Larkles just answered my post about veg growning, I thought veg and gardening were different DOH!!!!

well i feel like a total dunce, me and dh have planted everything pretty much, carrots potatoes, leeks, cabage, parsnips,  onions the packets said feb/march so we got digging and since reading some of your posts it looks like we're far too early, its our very first attempt you see so we're really pretty clueless.  however we have some pete pots germinating in our 3 teir green house thingy, that has some seedlings popping through but I'm not sure when to plant or really how to  plant.... but at least we have a back up from the patch.  I also got a rasperry tree from poundland. they had gooseberries etc too by the way.
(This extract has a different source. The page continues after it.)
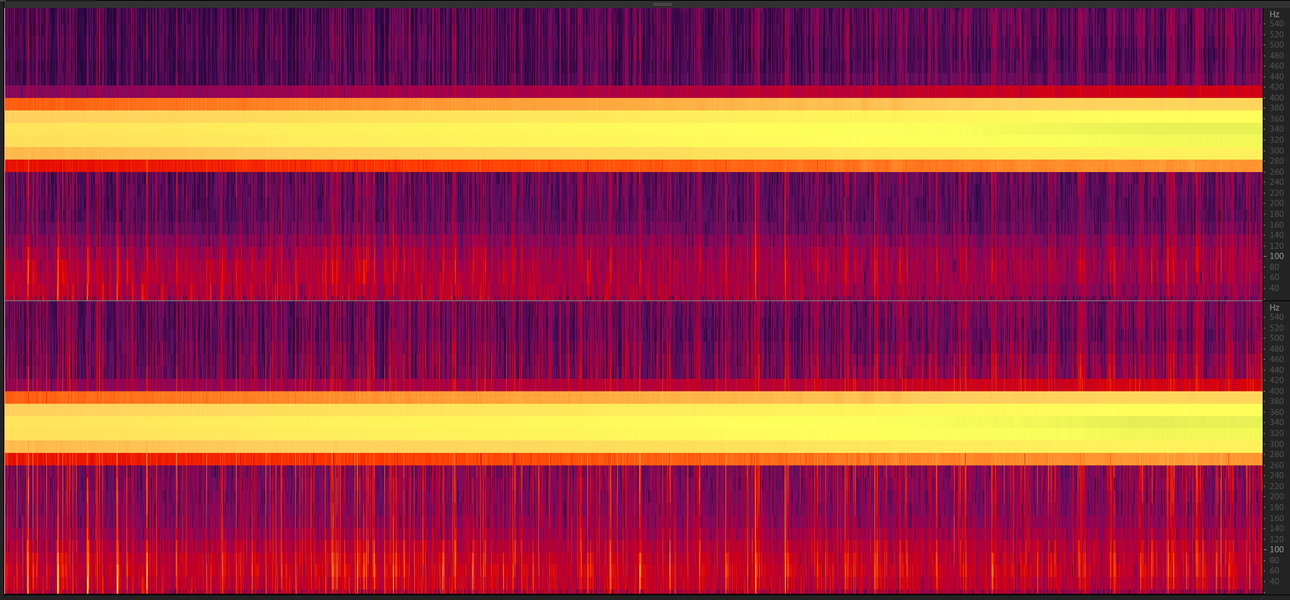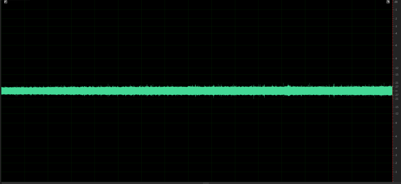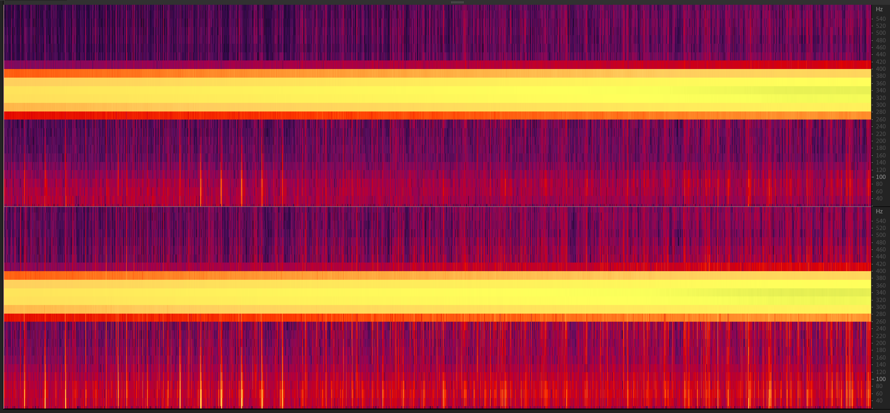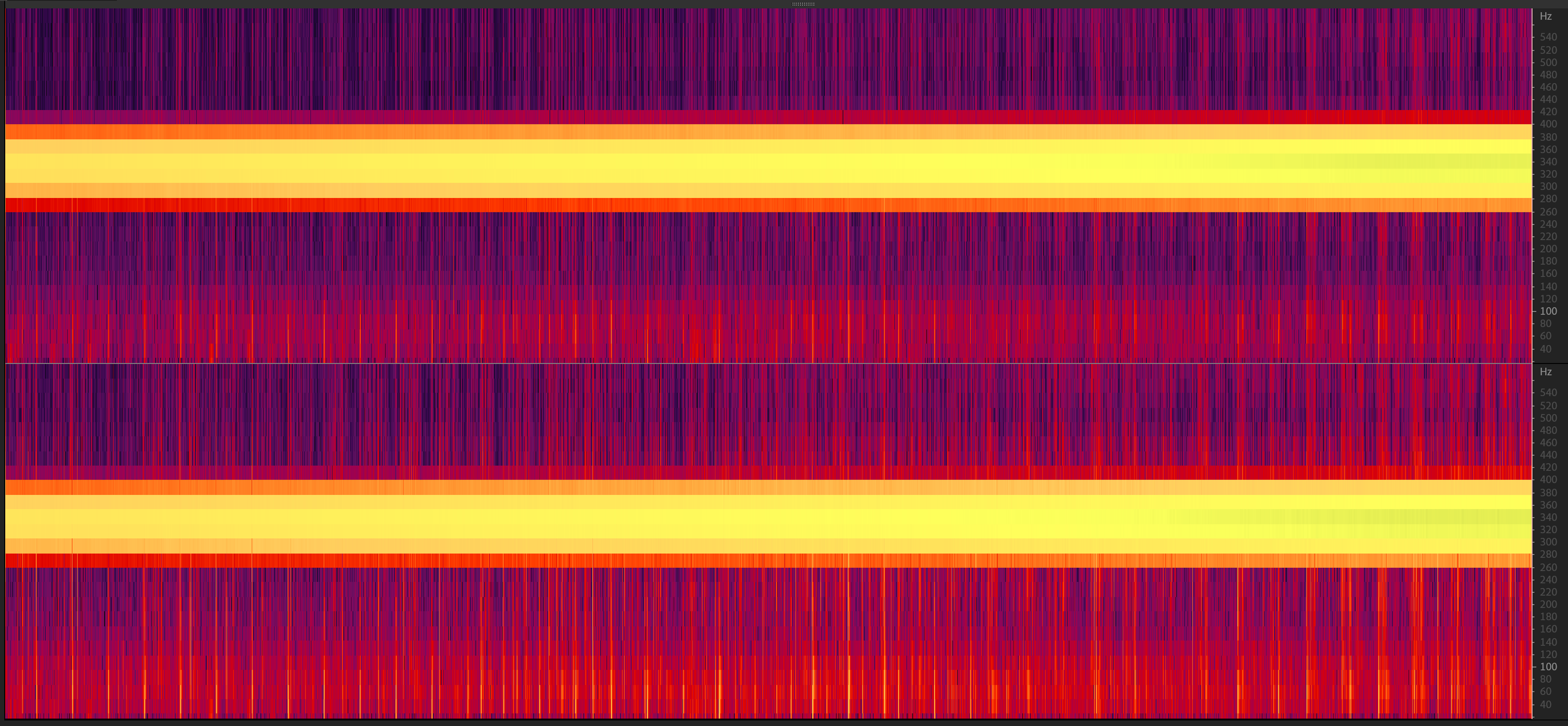 Следующий наш тест призван проверить так называемый «коэффициент детонаций», в англоязычной литературе называемый wow&flutter. Показывает он способность проигрывателя поддерживать стабильную скорость вращения пластинки. Wow — это медленное «плавание» звука, искажающее высоту звучания. Ну а Flutter — это «дрожание» скорости, приводящее к снижению детализации. В качестве теста запишем сигнал частотой 3150 Гц с тестовой пластинки и посмотрим на его спектрограмму.

I've also grew some herbs and currently have some corriander growing, soo we'll see if I manage these

the snow over the weekend will probably ruin the patch of seeds won't it??

Donna


----------



## Jennifer (Jul 22, 2004)

Donna - Some of what you have put in will be ok, some will fail.  But that will happen with anything you plant in summer too   Just keep at it   Its in April that the veg growing season really kicks off - veg likes a lot of light so our longer days suit them better after March  

The main thing is to enjoy it - then, whatever you get to eat will be a bonus


----------



## ♥Saila♥ (Mar 27, 2006)

My 3 tier greenhouse has collapsed this morning whilst I am at work and DH didn't have chance   to sort it out while I am at work! Needless to say I am distraught!!   Dreading going home to find all is lost with all those seeds I planted!


----------



## larkles (Jun 29, 2005)

Aw Sailace hun-sorry to hear about your greenhouse. Mine is a pain in the B*tt with all the winds over the weekend we have lost Another frigging panel, and the rollers on the door-one completely missing   dh says he never wants to put up another greenhouse in his life 

Hi Donna-glad you found us  
It's all trial and error, am not sure if anything will I'm growing will produce vegetables although am sure they will, don't worry about it too much it will be nice to see what comes out 

Larkles


----------



## Young D (Oct 17, 2005)

We have two large concrete blocks in the bottom tier of our greenhouse cos we live in the winyest village on the planet 

So see with the pete pots am I right in thinking you can just put them straight in the ground then? if so when, some of my seedlings are at two leif stage.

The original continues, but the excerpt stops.